Flying the flag for Animate
The new RSA Animate is up. It is Iain McGilchrist talking about the divided brain, the subject of his masterwork ‘The Master and his Emissary’. My bet is that it will have had a million views in just a few weeks so you can be real trend setter and be among the first 10,000. You will immediately want your friends to watch it too so you can discuss it with them.
The other good news is the very welcome signs that Animate is going to get some of the mainstream media attention it deserves. I don’t want to annoy either of the very nice journalists I have spoken to by pre-empting their pieces so of all the things I said to them I want to pick on just one.
The number changes so fast it is hard to keep up, but the latest estimate of the number of RSA lectures that have been viewed on line is fifty million worldwide. The number covers all our on-line lectures but Animate provides the lion’s share.
The RSA as a British based platform for ideas is becoming a global brand. But to my mind the Britishness extends beyond the Great Room in London and Folkestone, the studio location of Cognitive Media’s Andrew Park, the genius behind the animations (and an RSA Fellow). One of the special qualities of Animate is the combination of big ideas and great visual concepts with demotic humour; partly satirical but also sometimes as quirky and irreverent as a saucy seaside postcard.
For example, watch the McGilchrist and in the midst of profound concepts about the brain and culture there is visual reference to Eric Morcombe and Ernie Wise. Or try the visual joke involving a dog at 5.15 minutes into the David Harvey Animate, or how about the subversion of the elephant rider as cognition metaphor 3.24 into the 21st Century Enlightenment Animate. On the last of these you have be quite observant to read the elephant’s speech bubble; a reminder that Animates are worth watching several times to grab all the content.
So Animate is a great innovation success story, a great RSA success story and, at the risk of sounding jingoistic, a great British success story.

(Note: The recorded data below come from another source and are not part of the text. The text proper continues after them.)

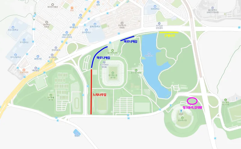 아래 지도는 울산 문수 경기장 주변의 지도입니다.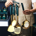 7 PCS Stainless Steel Silicone Kitchen Utensil Slotted Spatula Turner Ladle Serving Spoon Pasta Server Cooking Set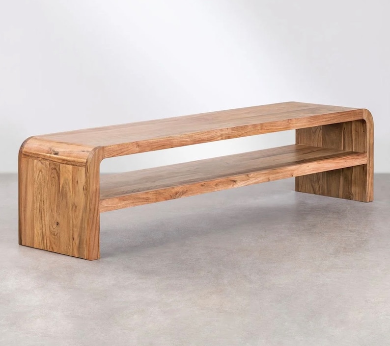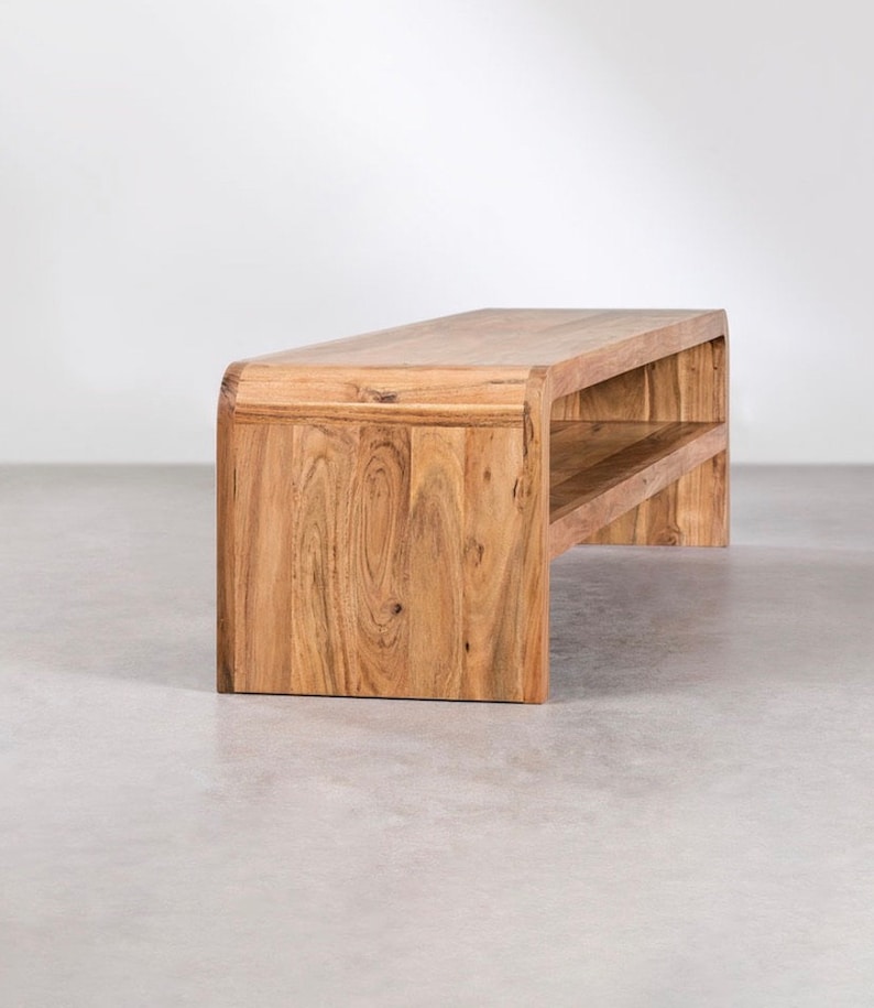 Elevate your entertainment space with our exquisite Acacia Wood TV Cabinet. Crafted from premium acacia wood, this TV cabinet seamlessly blends rustic charm with modern elegance. The natural grain of acacia adds a unique touch, making each piece one-of-a-kind. With ample storage space for media components and accessories, it combines functionality with style. The sleek design and sturdy construction ensure a lasting and timeless addition to your home decor. Transform your living area with this handcrafted Acacia Wood TV Cabinet, a perfect balance of form and function

The contradictions of capitalism
It’s lazy, I know, to make my readers do the work but here are three things you should be read and watched together:
Robert Peston on the revival of financial trading, in currencies and various forms of derivatives. Once again, he suggests, a small number of people are getting very rich by pursuing activities which are of dubious value to the wider ‘real’ economy.
LSE Director Howard Davies on the failure of attempts at international reform of banking and financial trading.
David Harvey’s RSA Animate, arguing that the growing power of finance in capitalism is not an accident or a coincidence, nor is it simply a reflection of human frailty, it is an inevitable development of capitalism.
Two years ago there was much talk of regulating financial transactions and rebalancing the economy towards manufacturing. There is very little of that talk now. Arguably for good reasons, the Coalition Government is sceptical of the role of Government in supporting industry, and anyway there’s no money.
So, in a very short space of time, after the most dangerous and far reaching crises in the history of global capitalism, this country and others, like America, are going back. Back to being highly dependent on a finance sector many of whose instruments are good at making some people rich, but which mortgage the future and carry major risks of contagion, and which seem to have little or no effect on the wider economy or the livelihoods of those outside finance (apart perhaps from people who sell fine wines and yachts).
For an economic layman like me, it is difficult to avoid the conclusion that capitalism has become dominated by finance because its underlying logic dictates so. I am sure there is a way of achieving a more balanced and fair economy without abolishing capitalism but at the moment it doesn’t look like anyone knows what it is. Fortunately, my ignorance may be dispelled this evening with our fascinating event this evening with the development economics expert, Ha-Joon Chang, chaired by Larry Elliott.